In qualsiasi altro ambiente di lavoro è concesso prendersi giorni liberi senza conseguenze, tranne quando questo diventa un’abitudine. E non c’è nemmeno bisogno di specificare le motivazioni ai datori di lavoro, perché le HR difendono il diritto alla privacy.

Nel mio caso, mi sono sentita quasi in dovere di parlare delle motivazioni che mi hanno spinta a prendermi una pausa, perché percepivo che la stampa non credeva alle mie parole. Non lo auguro a nessuno, ed è per questo che spero vengano introdotte nuove misure a difesa degli atleti, in particolar modo per quelli più fragili. Spero anche che non ci sarà di nuovo bisogno di discutere della mia cartella clinica davanti a tutti, e per questo chiedo alla stampa maggiore empatia e rispetto per la mia vita privata.
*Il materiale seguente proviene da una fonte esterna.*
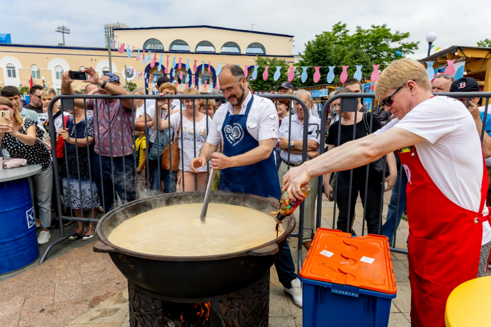 В 11.00 свои “точки” развернули такие известные в городе заведения, как “Ракушка”, “Пекарня”, “Огонёк”, “Сестры Ким”, “Токио”, “Баба Тома”, “Пянсе”. Мысленно представили на одном столе тарелки с картофелем фри с ламинарией, с устрицами с изюмом или джемом, с солянкой с кальмаром, с окрошкой на тане, с минтаем фри. И наконец — с дальневосточным пловом с морепродуктами, приготовленном в большом казане! Получилось феерично.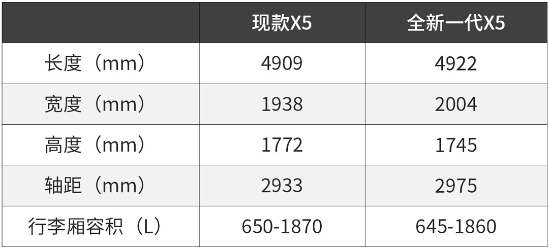 相比前代车型,全新一代X5的长度宽度和轴距全面加大,这也就意味着X5的内部空间和外部气场相比较前代车型更加优秀了,实际上全新一代X5的内部空间确实相当宽裕,无论是前排后排拥有的都不仅仅是一席之地。

Ci sono giorni dove abbiamo dei problemi che non mostriamo al pubblico, ognuno di noi in quanto essere umano può attraversare un periodo difficile nella propria vita. Ho tante proposte per i vertici di questo sport: la principale è di concedere un certo numero di “giorni di malattia” all’anno che ti esonerano dalle conferenze stampa, senza dover necessariamente discutere della motivazione. Credo che possa portare il tennis al passo con i tempi moderni.

Per concludere, vorrei ringraziare tutti coloro che mi hanno supportata. Avrei troppi nomi da fare, per cui inizio con la mia famiglia ed i miei amici, che sono stati speciali. Non c’è nulla più importante di loro. Vorrei anche ringraziare coloro che si sono esposti per difendermi.

Michelle Obama, Michael Phelps, Steph Curry, Novak Djokovic, Meghan Markle, per citarne alcuni. Ovviamente ringrazio i miei sponsor, anche se non sono sorpresa dalle loro reazioni, perché li ho scelti deliberatamente per le loro visioni liberali e progressiste.

Dopo aver trascorso le ultime settimane con i miei cari, durante le quali ho ricaricato le pile, ho avuto tempo per riflettere sul futuro; non potrei essere più entusiasta di competere a Tokyo! I Giochi Olimpici sono speciali di per sé, ma avere l’opportunità di giocarli in casa, davanti ai fan giapponesi, per me è un sogno che si realizza [l’articolo è stato pubblicato prima dell’annuncio che le Olimpiadi si sarebbero svolte a porte chiuse, ndr]. Spero solo di renderli orgogliosi.

Che ci crediate o no, sono un’introversa per natura, e non amo le luci della ribalta. Cerco sempre di espormi e combattere per ciò in cui credo, ma spesso tutto questo ha un costo, e mi provoca una grande ansia. Non mi sento a mio agio nell’essere il volto delle lotte per la difesa della salute mentale degli atleti, perché è una cosa nuova per me, e non ho la risposta a tutte le domande. Spero però che le persone possano capire che è “O.K. non essere O.K. ed è O.K. parlarne agli altri”: ci sono persone in grado di aiutarci, e c’è sempre la luce in fondo al tunnel.

Michael Phelps un giorno mi ha detto che potrei avere salvato delle vite parlando di questi argomenti; se tutto ciò è vero, allora ne è valsa la pena farlo.